*PROBLEM TO WORK ON*: Wherever pictures appear in the listing below, leave them out, and copy exactly, and only, everything from the line with "オーガンジーグローブの袖口にクラシカルなレースをほどこしました。" down to the line with "C 6 по 10 октября".

*PROVIDED RECORDS*:
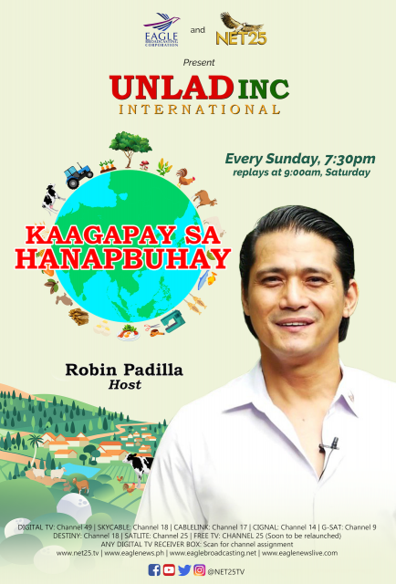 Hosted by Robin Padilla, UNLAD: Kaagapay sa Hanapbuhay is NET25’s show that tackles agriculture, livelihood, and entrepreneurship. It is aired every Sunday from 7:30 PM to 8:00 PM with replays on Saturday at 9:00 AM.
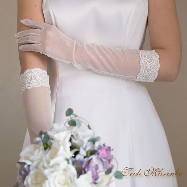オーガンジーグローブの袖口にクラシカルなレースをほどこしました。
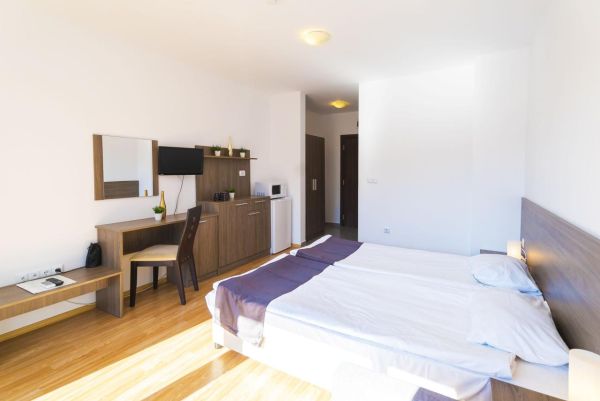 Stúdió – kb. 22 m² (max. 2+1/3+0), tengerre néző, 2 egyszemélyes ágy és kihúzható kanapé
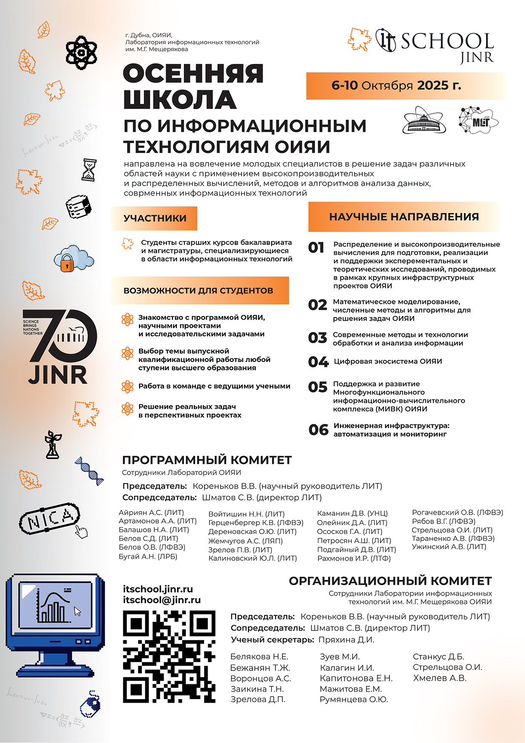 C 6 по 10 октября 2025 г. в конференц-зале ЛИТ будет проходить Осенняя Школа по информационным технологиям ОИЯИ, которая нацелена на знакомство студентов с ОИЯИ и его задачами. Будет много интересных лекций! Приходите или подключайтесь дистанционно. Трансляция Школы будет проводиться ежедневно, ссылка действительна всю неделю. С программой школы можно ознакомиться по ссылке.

* * *

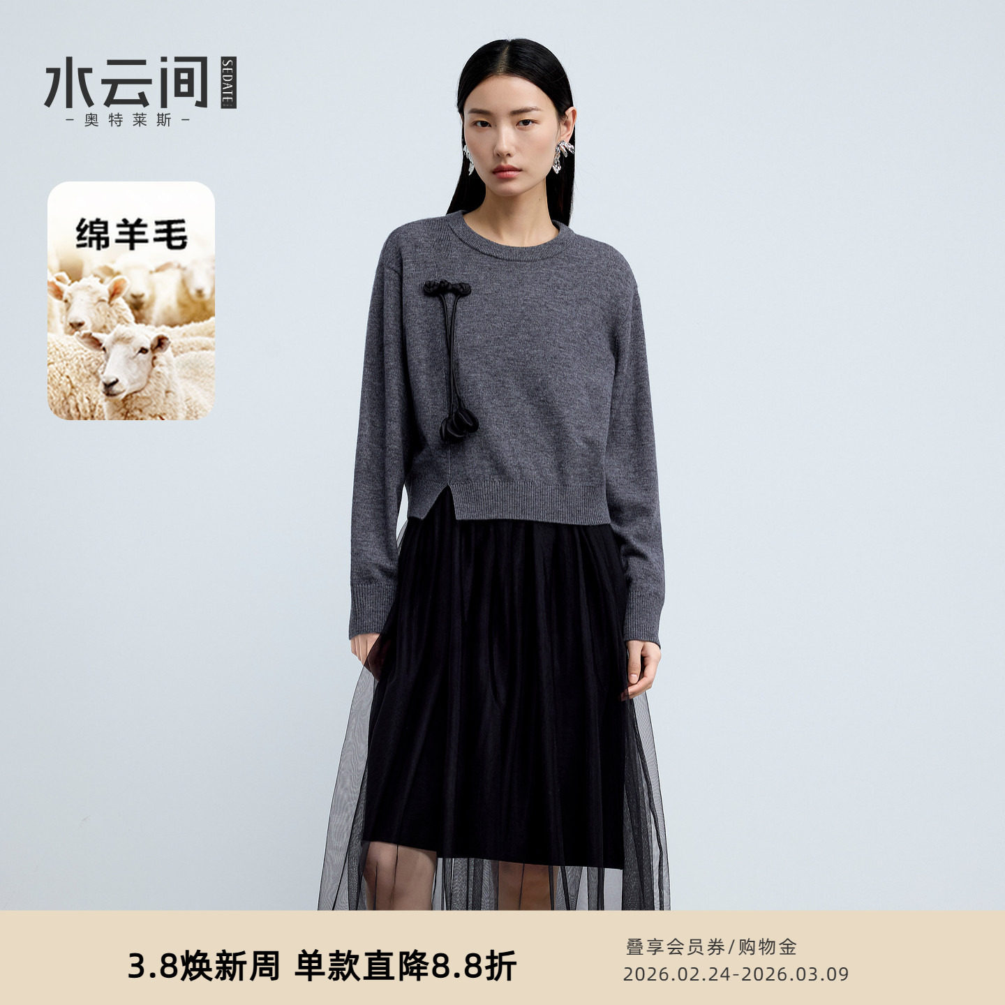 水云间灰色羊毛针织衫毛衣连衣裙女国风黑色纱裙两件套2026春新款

*ANSWER BOX*:
オーガンジーグローブの袖口にクラシカルなレースをほどこしました。
 Stúdió – kb. 22 m² (max. 2+1/3+0), tengerre néző, 2 egyszemélyes ágy és kihúzható kanapé
 C 6 по 10 октября 2025 г. в конференц-зале ЛИТ будет проходить Осенняя Школа по информационным технологиям ОИЯИ, которая нацелена на знакомство студентов с ОИЯИ и его задачами. Будет много интересных лекций! Приходите или подключайтесь дистанционно. Трансляция Школы будет проводиться ежедневно, ссылка действительна всю неделю. С программой школы можно ознакомиться по ссылке.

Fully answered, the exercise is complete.